Mudah-mudahan di RB ada kegiatan terus. Soalnya, dulu sebelum ke RB, tiap malam saya keluar–masuk membawa motor. Sampai saya tabrakan, sampai jari saya patah karena terlalu sering ngawur naik motor. Sampai orang tua saya enggak tenang, enggak tidur, karena ulah saya. Dengan adanya kegiatan di RB ini saya bersyukur sekali, meskipun berubah 80%.

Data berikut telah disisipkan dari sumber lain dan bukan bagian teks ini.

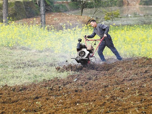 圖三 昨日,沈丘縣卞路口鄉(xiāng)一農(nóng)民正在用小型農(nóng)機(jī)犁地。連日來,氣溫不斷回升,當(dāng)?shù)剞r(nóng)民搶抓有利時機(jī),進(jìn)行犁地、澆水、除草等春季管理,田間地頭一派忙碌景象。 黃海濤 攝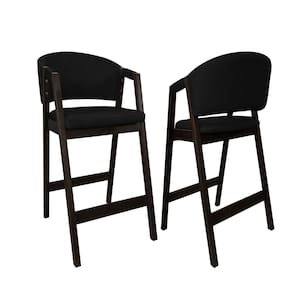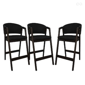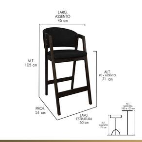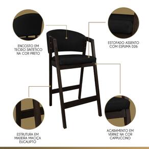 CARACTERÍSTICAS TÉCNICAS: - Produzido em Madeira Maciça; - Acabamento Verniz na Cor Capuccino; - Assento com Espuma D26; - Encosto com Espuma D23; - Revestido em Tecido Material Sintético na Cor Preto.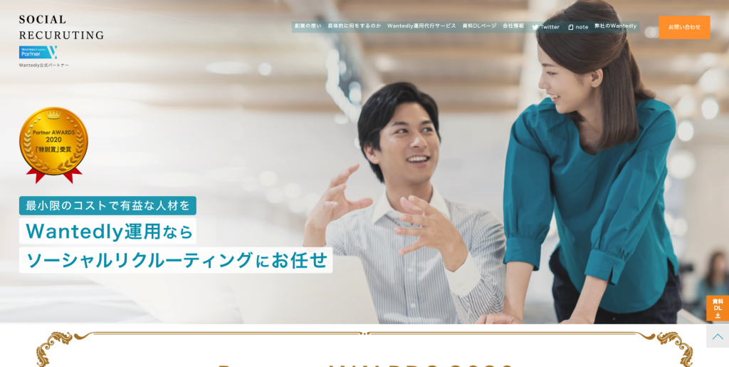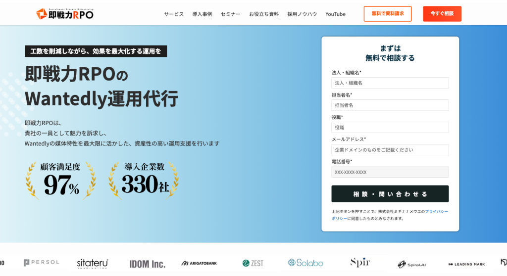 支援スタイルは「代行して終わり」ではなく、採用ノウハウを社内に残す伴走型。若手営業職を中心に、IT・通信・人材・広告など幅広い業界の採用を強化してきた実績があり、Wantedlyを軸に自社の採用力を高めたい企業に最適なパートナーと言えます。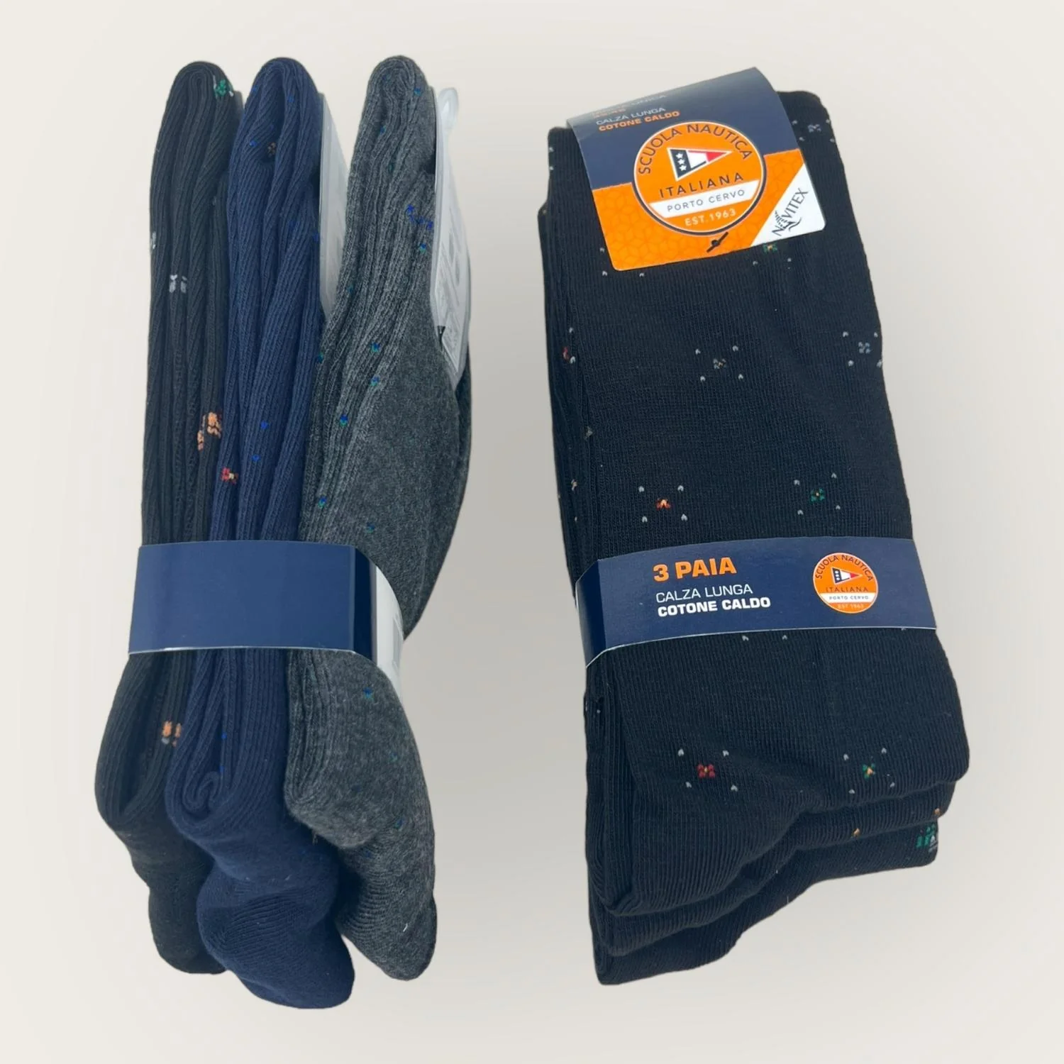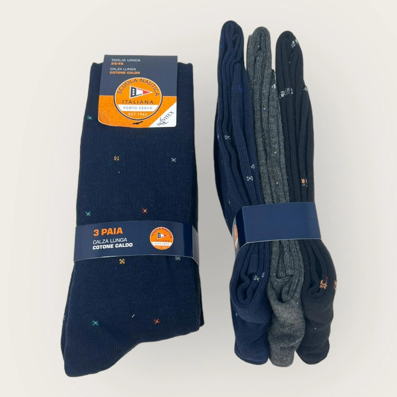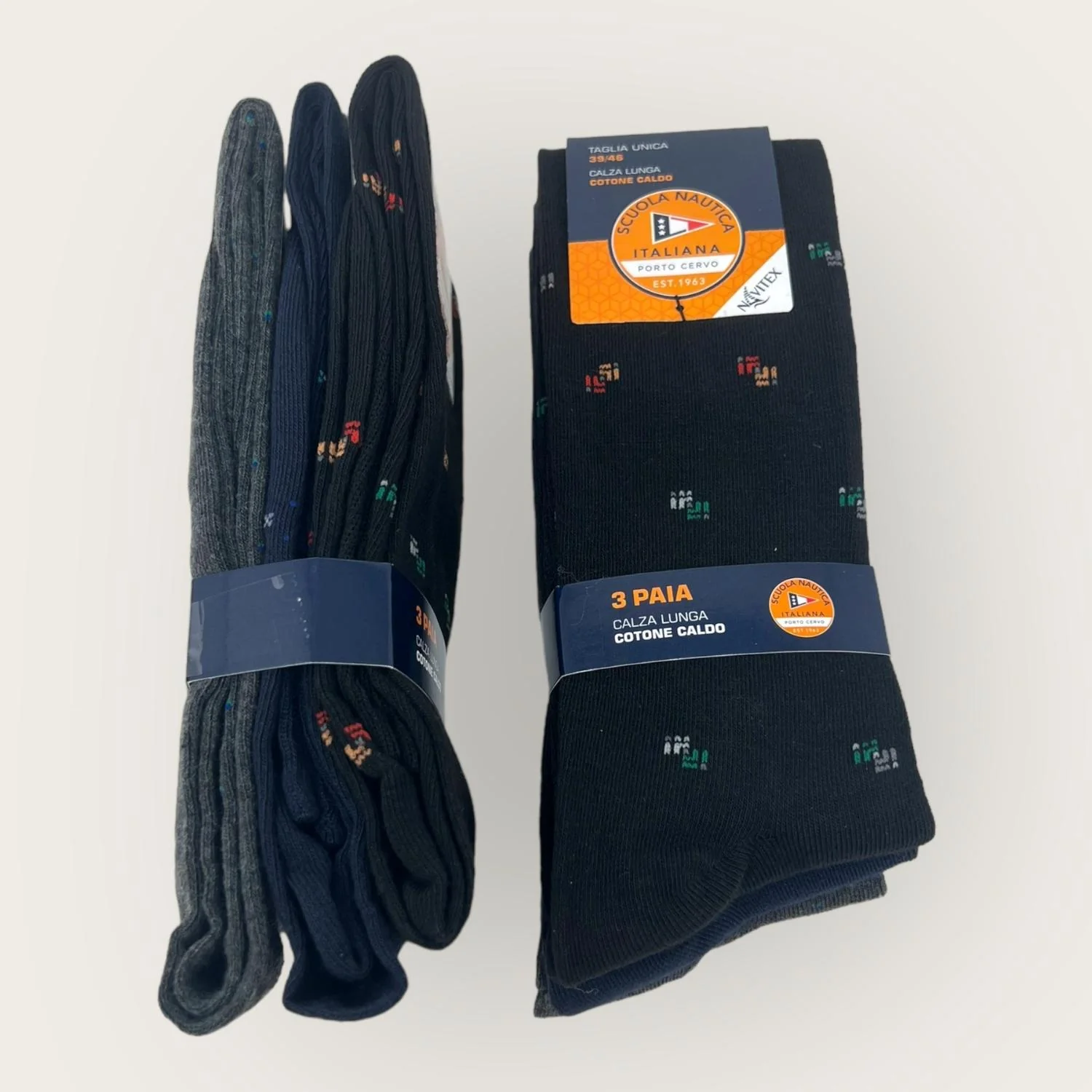 Sn309 Calza – Scuola Nautica Invernale -3 Paia Calza Uomo Lunga Fantasia Assortite In Caldo Cotone-

Indra merasa sudah sembuh 80%. Lagi 20% belum sembuh karena masih minum obat dan belum ada kegiatan. Siapa tahu, berkat RB, saya bisa direkrut jadi pegawai kontrak. Namun, sepertinya enggak mungkin karena sudah ada yang diangkat jadi pegawai kontrak, empat orang. Kalau ingin kerja, saya masih lebih suka di RB soalnya di RB bisa kumpul. Kalau hanya fokus bekerja kayaknya saya belum bisa. Pikiran saya sepertinya masih error.
Ibu Sulandari dalam #KamiBersuaraKamiMendengar. Kampanye bersama Rumah Berdaya, Citradaya Nita (PPMN) dan pewarta warga ini mengajak mengenali gangguan skizofrenia, proses pemulihan, dan mendorong akses layanan psikososial bagi perempuan sebagai penyintas atau pendamping.